How to Buy French Homes: A Guide Before Signing the Contract

France offers real estate investors both an opportunity to be close to the bustling centers of the European economy, and also the idyllic and beautiful French countryside. With relatively low property prices, gorgeous settings, and a stable market, France seems to have it all for the interested buyer.

If you’re considering buying a home in France, keep reading for some crucial tips and benefits of the French housing market. The opportunities for profits are outstanding; however associated expenses can be fairly substantial and should be estimated prior to a final purchase.

1. Massive Rental Income Potential

France is a country of renters, meaning there are a lot of tenants willing and wanting to move into your property. If you’re considering the purchase of an urban or even country property with the intention of renting it, the vacancy rate in France is extremely low. This means you’re likely to get the unit rented quickly and for a long period of time.

That advantage is noteworthy, since a frequently vacant property is not only lost monthly income but can also become an easy target of vandalism.

2. The French Market is Slowing

After enormous growth in 2004, the French market is beginning to slow again. This is good news for investors because it means prices will be low for you. On the other hand, it could also become bad news if your property doesn’t appreciate over the years at the rate you hope.

3. Expect Higher Estate Agent Fees

Estate agents in France can charge fees as high as 15 percent, though most hover at about 7 and 8 percent. However, for the North American buyer more familiar with lower agent fees, this can be a shocking difference.

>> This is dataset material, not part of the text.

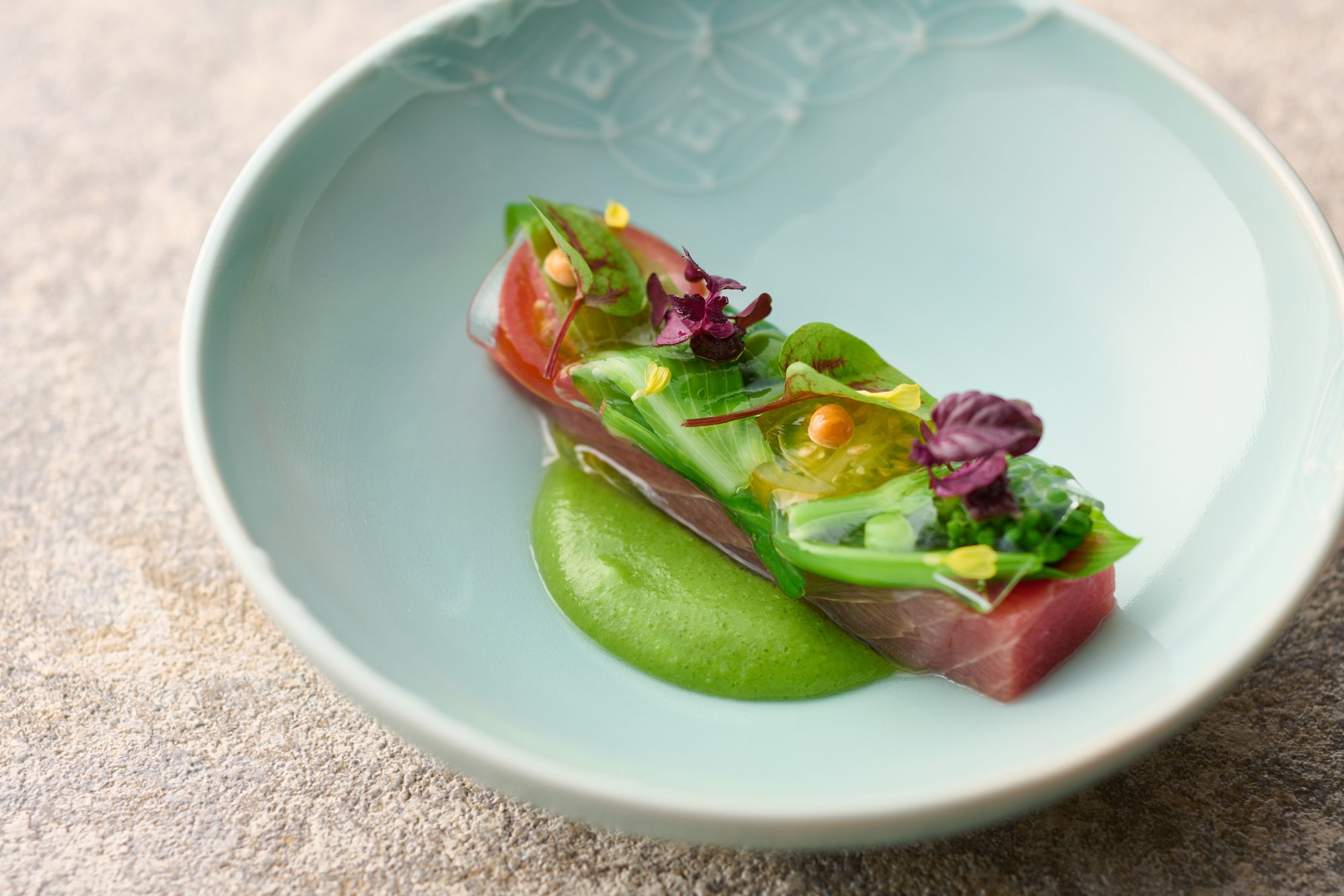 マグロと野菜、京都宮津のエキストラバージンオリーブオイルを、トマトから酸味や旨味のエッセンスを抽出した透明のシートで包んだニース風サラダはシェフからのご挨拶の一皿。シェフが工房の下見に行き、打合せを経て完成した洸春窯 有限会社洸春陶苑による京都の伝統工芸 京焼・清水焼の器でご提供します。京都の伝統工芸の器とフランス料理の組み合わせをご堪能いただける逸品です。

4. Be Careful About Capital Gains Tax

Should you decide to sell your French home in the future, you’ll not only want to make a profit, but you also must be careful of France’s strict capital gains tax. French natives are charged 26 percent of their profit, non-resident EU citizens are charged 16 percent and non-EU residents are billed a whopping 33.3 percent.

Despite this large taxation on real estate profit, the capital gains tax percentage rate is reduced over time the longer the house or land is retained by the owners. Knowledge of this tax should be taken into account as part of your investment strategy planning.

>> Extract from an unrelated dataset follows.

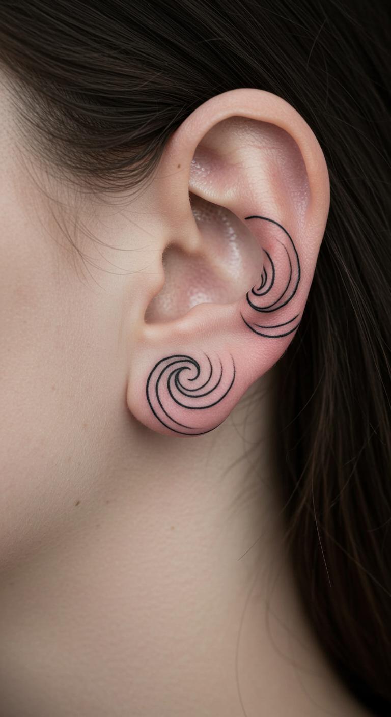 A spiral vortex suggests growth and cycles. It’s a dynamic choice for change. Draw spirals freehand on paper. Practice makes it simple. Get temporary tattoo sheets for $5 or less. Find artists who offer walk-in sessions for quick designs. Position on the ear for easy concealment. Customize the spiral tightness. Use a string to trace spirals on your skin first. This approach is straightforward and budget-friendly.

5. Be Prepared for Additional Solicitor and Registration Fees

Your solicitor or notary fees will cost you approximately 3 percent. Meanwhile, your registration fees will clock in at 6 percent with Transfer Tax costing 7.5 percent for resold homes and under 1 percent for brand new builds.

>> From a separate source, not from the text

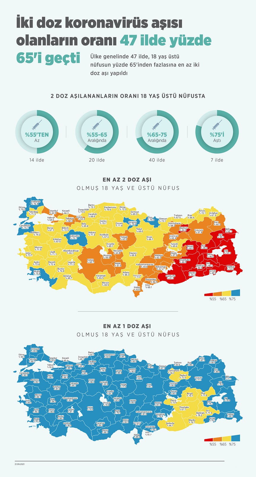 18 YAŞ ÜSTÜ NÜFUSUNUN YÜZDE 55-65’İNİN İKİ DOZ AŞILANDIĞI İLLER

Before you buy in France, you need to be aware of the additional 16.5 percent you’ll have to pay on a resold home, not including any estate agent fees.

6. For Historic Properties, Check with a Lawyer

France has a very liberal housing market and legal system, but there are certain rules about heritage or historic properties, as well as vineyards. If you intend to purchase this type of property, consult a local lawyer and factor all known and likely expenses into your calculations before buying.